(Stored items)
======

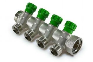 Коллектор регулирующий используется в водоснабжении и отоплении для раздачи жидкости от магистрали к потребителям. Он дает возможность регулировки расхода носителя на каждой точке разбора. Корпус латунный и имеет сверху никелированное покрытие.
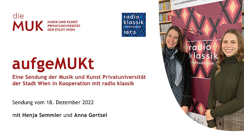 Zu Gast bei Marion Eigl sind in dieser Ausgabe von aufgeMUKt Edith Wregg und Anna Buchal. Sie sprechen über das viersemestrige, interdisziplinäre und forschungsgeleitete Vollzeitstudium Master of Arts Education.
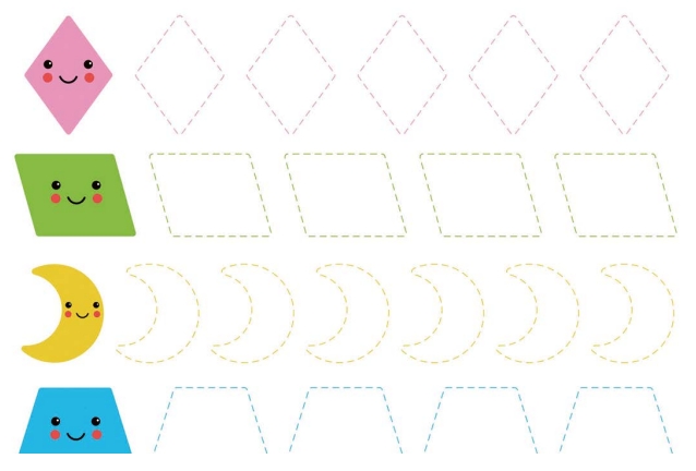 6页打包!图形曲线绘制练习_2 亲子控笔描红线条图形认知游戏,电子版PDF可打印【超高质量】
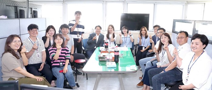 직원 한명 한명의 이름을 부르며 대화를 나눈 강 시장은 “이번 결과가 좋지 않았지만 AI반도체과는 국가인공지능데이터센터 개관, 인재양성 사다리 구축 등 해야할 일이 많다”며 “다시 한 번 힘을 내 뛰어달라”고 격려했다.
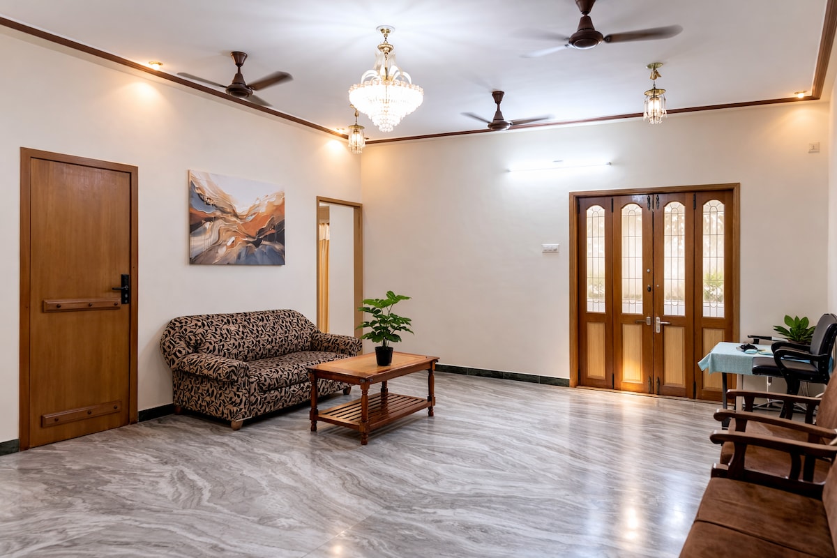 Cozy and modern 3BHK Airbnb just 2.5 miles from Madurai Railway Station🚉 Perfect for an enjoyable stay. 🏡 Fully furnished, 3 spacious bedrooms🛌with washing machine, fridge, fully equipped kitchen. Home has 8 ceiling fans🪭Has RO water🚰,iron box, exhaust fan, laptop work table, dining table, water heater, WI-FI🛜 a swing !__! Home has neem trees in all 3 sides. 🌳 Secure car parking. 🅿️ Living room and one bed room have smart TVs.📺 Flexible check-in &check-out time

======

- _Your assignment_
Leave the pictures out, and restate exactly the lines from the start of the records through the one that contains "6页打包!图形曲线绘制练习_".

- _Task output_
 Коллектор регулирующий используется в водоснабжении и отоплении для раздачи жидкости от магистрали к потребителям. Он дает возможность регулировки расхода носителя на каждой точке разбора. Корпус латунный и имеет сверху никелированное покрытие.
 Zu Gast bei Marion Eigl sind in dieser Ausgabe von aufgeMUKt Edith Wregg und Anna Buchal. Sie sprechen über das viersemestrige, interdisziplinäre und forschungsgeleitete Vollzeitstudium Master of Arts Education.
 6页打包!图形曲线绘制练习_2 亲子控笔描红线条图形认知游戏,电子版PDF可打印【超高质量】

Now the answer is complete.